> [REQUIREMENT]:
Write out, word for word and with no pictures, each line below from the one containing "Sand-coloured floral camouflage" through the one containing "Siegreich in Dressurpferde", both included, and no other line.

> [EXERCISE DATA]:
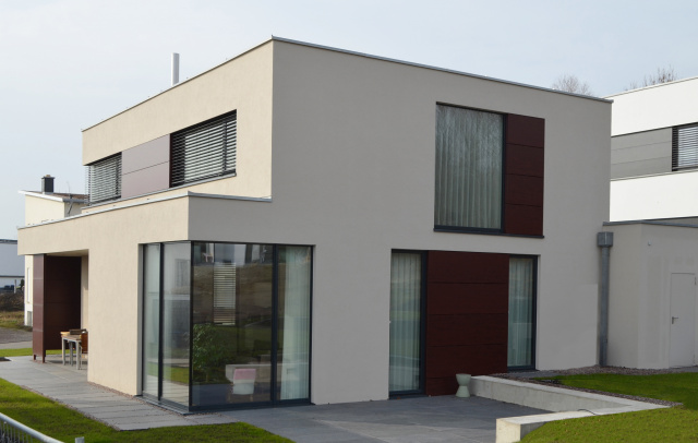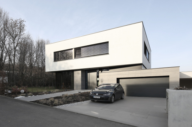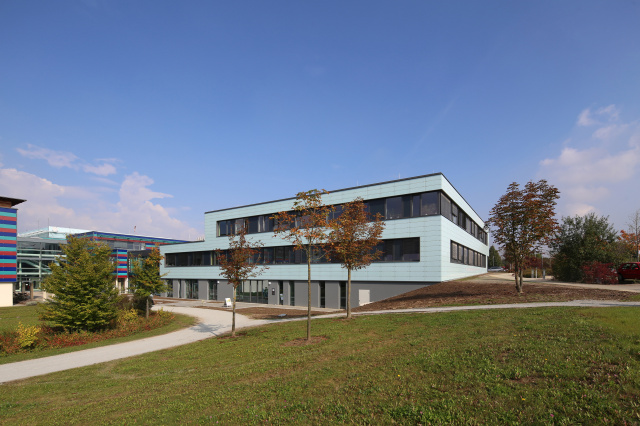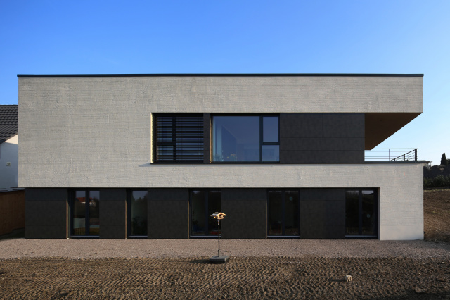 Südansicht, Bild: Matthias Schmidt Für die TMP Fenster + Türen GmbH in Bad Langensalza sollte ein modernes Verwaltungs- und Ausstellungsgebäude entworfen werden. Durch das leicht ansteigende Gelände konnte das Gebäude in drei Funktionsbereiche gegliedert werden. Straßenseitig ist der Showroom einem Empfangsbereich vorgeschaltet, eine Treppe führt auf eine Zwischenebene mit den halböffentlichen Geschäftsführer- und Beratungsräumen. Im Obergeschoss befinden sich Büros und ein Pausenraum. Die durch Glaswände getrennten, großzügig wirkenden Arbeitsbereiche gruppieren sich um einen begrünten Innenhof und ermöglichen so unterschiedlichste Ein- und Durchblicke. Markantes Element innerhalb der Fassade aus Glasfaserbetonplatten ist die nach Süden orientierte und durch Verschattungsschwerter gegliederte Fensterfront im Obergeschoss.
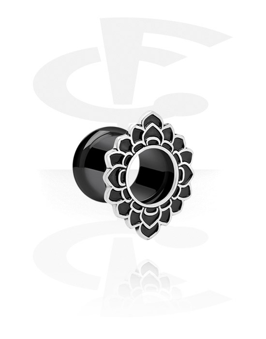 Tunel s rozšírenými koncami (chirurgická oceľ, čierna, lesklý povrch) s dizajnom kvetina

==

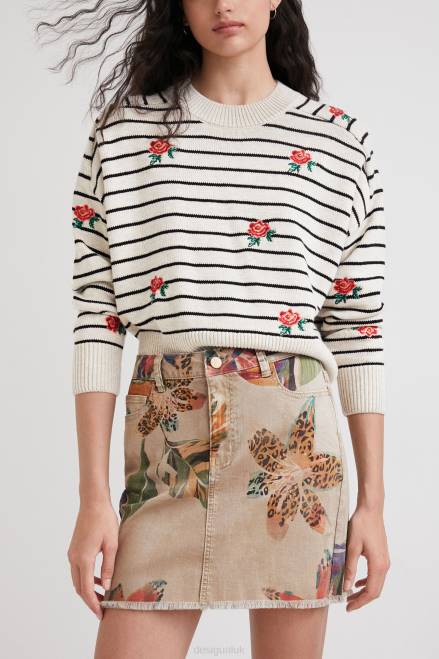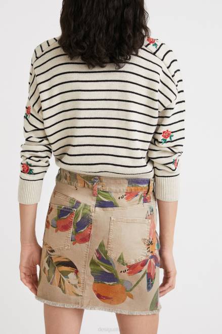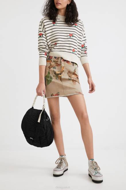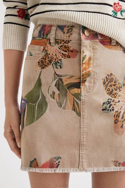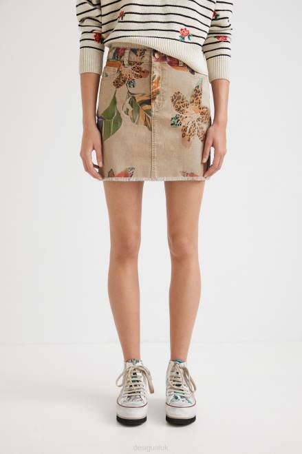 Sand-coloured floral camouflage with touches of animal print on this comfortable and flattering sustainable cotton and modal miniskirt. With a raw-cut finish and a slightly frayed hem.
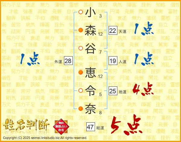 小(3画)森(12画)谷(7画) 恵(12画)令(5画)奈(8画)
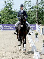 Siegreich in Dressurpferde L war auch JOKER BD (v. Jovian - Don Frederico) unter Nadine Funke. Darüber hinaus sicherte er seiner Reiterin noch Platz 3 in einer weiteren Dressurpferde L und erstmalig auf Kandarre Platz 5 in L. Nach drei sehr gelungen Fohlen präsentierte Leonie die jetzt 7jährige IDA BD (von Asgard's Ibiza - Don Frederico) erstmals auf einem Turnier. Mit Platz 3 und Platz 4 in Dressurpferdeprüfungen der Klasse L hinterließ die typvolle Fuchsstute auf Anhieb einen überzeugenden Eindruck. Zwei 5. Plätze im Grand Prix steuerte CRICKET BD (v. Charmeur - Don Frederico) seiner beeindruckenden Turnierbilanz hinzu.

---

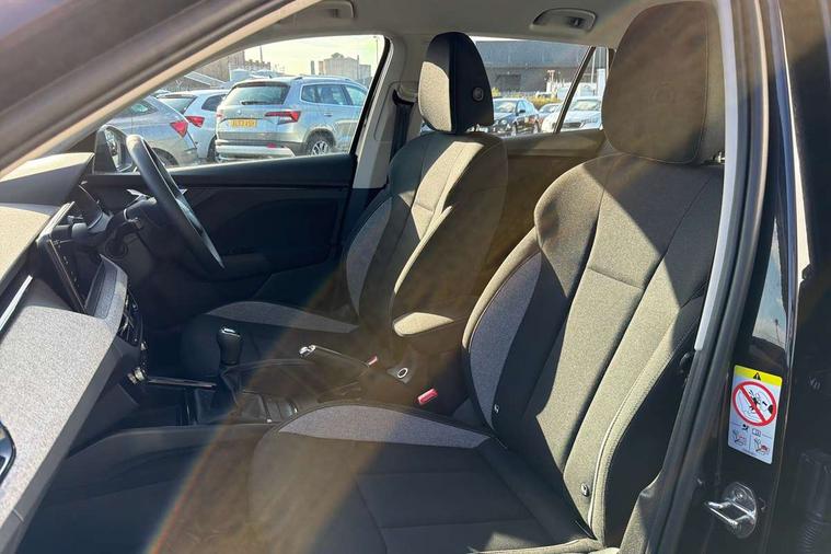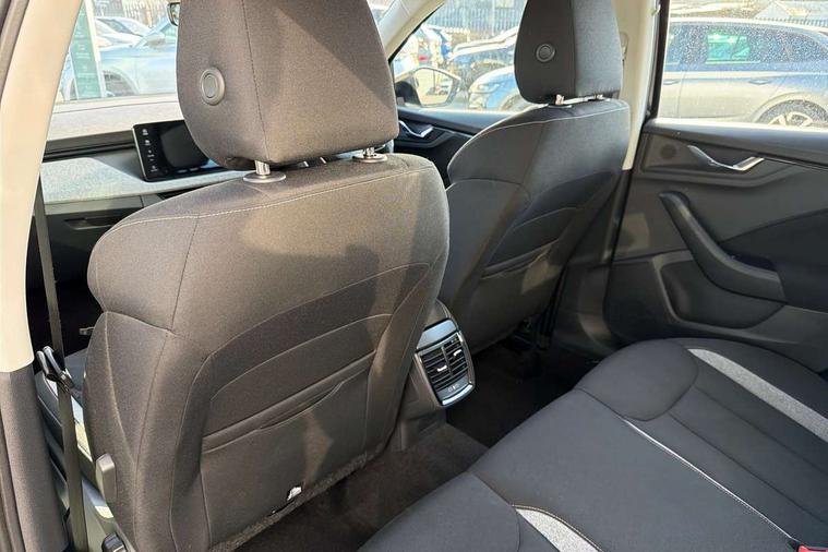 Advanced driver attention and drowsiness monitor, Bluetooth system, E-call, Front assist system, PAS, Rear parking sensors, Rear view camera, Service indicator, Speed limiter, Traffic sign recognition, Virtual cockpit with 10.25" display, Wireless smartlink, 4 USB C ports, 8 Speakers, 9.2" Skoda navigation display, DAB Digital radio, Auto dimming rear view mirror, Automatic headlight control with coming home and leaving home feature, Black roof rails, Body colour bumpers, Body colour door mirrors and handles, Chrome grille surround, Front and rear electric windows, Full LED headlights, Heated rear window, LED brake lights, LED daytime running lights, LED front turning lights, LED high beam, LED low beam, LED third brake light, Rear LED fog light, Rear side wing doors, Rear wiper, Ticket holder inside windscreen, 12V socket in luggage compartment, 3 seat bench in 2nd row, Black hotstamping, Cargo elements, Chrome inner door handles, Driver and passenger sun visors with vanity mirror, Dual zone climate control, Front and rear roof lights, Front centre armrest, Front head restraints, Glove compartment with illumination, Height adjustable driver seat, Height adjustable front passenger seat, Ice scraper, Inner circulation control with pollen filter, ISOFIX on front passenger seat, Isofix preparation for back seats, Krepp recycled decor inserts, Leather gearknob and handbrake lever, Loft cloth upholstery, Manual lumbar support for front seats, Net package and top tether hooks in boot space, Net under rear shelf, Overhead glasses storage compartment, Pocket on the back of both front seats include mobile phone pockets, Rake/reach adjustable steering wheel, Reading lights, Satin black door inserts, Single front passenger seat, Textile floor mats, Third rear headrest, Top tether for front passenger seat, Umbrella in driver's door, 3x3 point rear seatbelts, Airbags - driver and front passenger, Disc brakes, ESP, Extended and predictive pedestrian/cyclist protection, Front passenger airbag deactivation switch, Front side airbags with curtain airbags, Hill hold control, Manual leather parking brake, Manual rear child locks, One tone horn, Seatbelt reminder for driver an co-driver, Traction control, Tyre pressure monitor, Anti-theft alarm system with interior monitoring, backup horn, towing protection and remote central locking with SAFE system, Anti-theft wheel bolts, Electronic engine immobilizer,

> [YOUR RESPONSE]:
 Sand-coloured floral camouflage with touches of animal print on this comfortable and flattering sustainable cotton and modal miniskirt. With a raw-cut finish and a slightly frayed hem.
 小(3画)森(12画)谷(7画) 恵(12画)令(5画)奈(8画)
 Siegreich in Dressurpferde L war auch JOKER BD (v. Jovian - Don Frederico) unter Nadine Funke. Darüber hinaus sicherte er seiner Reiterin noch Platz 3 in einer weiteren Dressurpferde L und erstmalig auf Kandarre Platz 5 in L. Nach drei sehr gelungen Fohlen präsentierte Leonie die jetzt 7jährige IDA BD (von Asgard's Ibiza - Don Frederico) erstmals auf einem Turnier. Mit Platz 3 und Platz 4 in Dressurpferdeprüfungen der Klasse L hinterließ die typvolle Fuchsstute auf Anhieb einen überzeugenden Eindruck. Zwei 5. Plätze im Grand Prix steuerte CRICKET BD (v. Charmeur - Don Frederico) seiner beeindruckenden Turnierbilanz hinzu.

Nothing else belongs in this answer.